Is anyone in America aware of the migrant crisis presently ripping through Europe, I wonder? Prior to leaving the States, I noted it warranted barely a mention from the evening news media. It came as something of a shock to be informed by European news agencies that the situation was dire. Half a million Syrians, Afghans, and Iraqis, fleeing the barbarism of ISIS have, to date, crossed the Mediterranean and landed on European soil. Germany, alone, has pledged to take 800,000 immediately. The United States – a measly 10,000.

But why should the US shoulder the burden of European migrants? That’s a question quick to be asked, slow to be answered.

In 2003 the United States invaded Iraq. Tens of thousands of Iraqis were rounded up and, without trial, incarcerated in Camp Bucca, a rough compound of tents and cinder block huts. Many ‘detainees’ were held there in appalling conditions for years. Camp Bucca was the incubator for ISIS. At its height it held 30,000 detainees, among them Abu Bakr al-Baghdadi, now known as “Caliph Ibrahim”, the leader of ISIS. While in Camp Bucca he had no trouble recruiting fellow Sunni Muslims, promising retaliation against America for the inhumane treatment meted out by the US Navy’s Naval Provisional Detainee Battalion in charge of the camp.

Isis was spawned in Camp Bucca. The invasion of Iraq in 2003 directly resulted in the violent upheavals and bloody mayhem that is the Middle East today. That same bloody mayhem is driving in excess of half a million refugees from their homelands, and into Europe.

I ask again: why should the US shoulder the burden of European migrants?

The answer: because the reckless and lawless actions of the United States have directly resulted in the bloodbath that is the Middle East today.
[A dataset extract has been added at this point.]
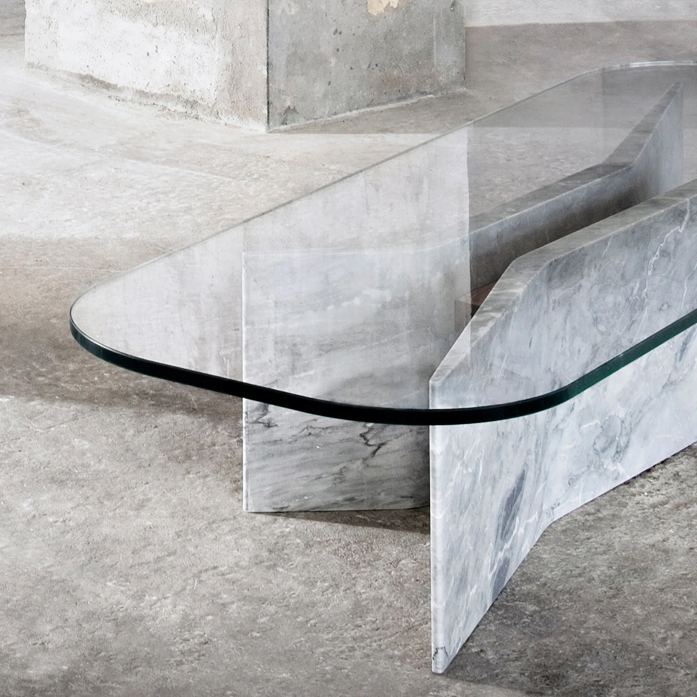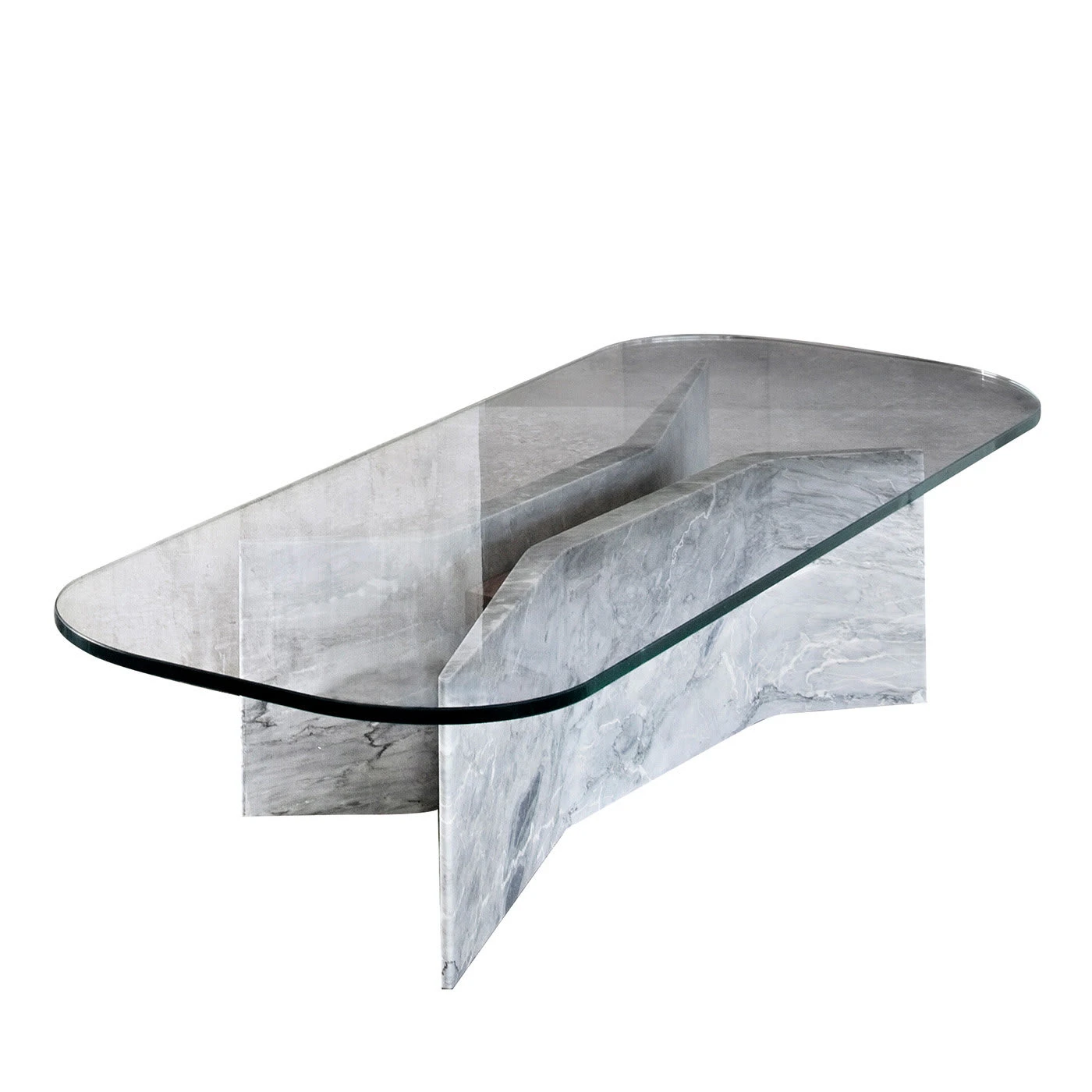 Topped by an extra-clear glass top (1.5cm thick) with rounded corners, this sophisticated coffee table features a sturdy base combining two sculpted slabs in prized Versilys marble distinguished by an effortless sculptural effect. This exclusive design will elegantly complement contemporary decors with its sleek aesthetic and captivating veining.

Will the United States take any responsibility for its actions? Certainly not so far.

“It’s not our fight.”

That response echoes shamelessly around the political chat shows and halls of Congress. Strange, isn’t it, that the US can militarily stamp its jackboot on the throat of the Middle East for over a decade, walk away when they realise they can’t win, then calmly announce, “It’s not our fight,” as the region collapses into mayhem?
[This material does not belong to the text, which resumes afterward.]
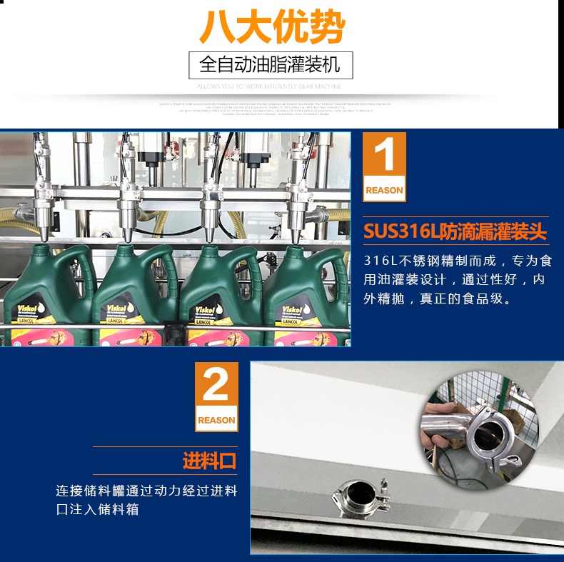 1.防滴漏灌裝頭由SUS316L不銹鋼精制而成,專為食用油灌裝設計,通過性好,內外精拋,真正的食品級.
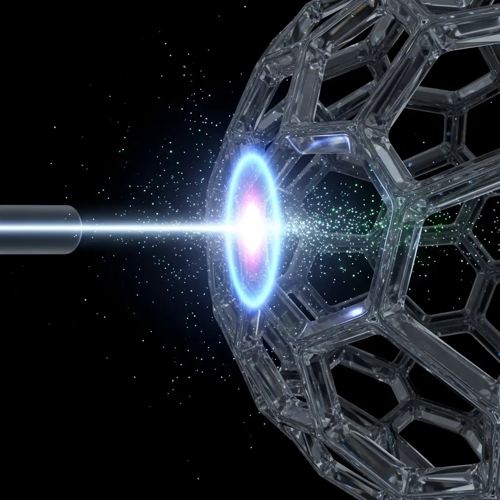 • Focused beam of light intersecting a crystalline material lattice, hybrid glowing particles forming at the interaction boundary

Yes, I have missed the United States. I missed John Boehner’s fall from grace, only hearing of it a week following the event. I miss hearing of the gun crime, that useless waste of life at the hands of criminals and law enforcement alike. I miss the Republican comic-opera that passes for producing a presidential candidate. I miss not having to shop in a concrete alleyway bearing the exotic, though delusionary, title of shopping mall.[1]

I miss all these things, and I’m so glad I do. Life is infinitely better without them.

[1] France has only forty-two shopping malls throughout the whole country and twenty-six of those are in the Ile-de-France, around Paris. Happily, there are none in Brittany.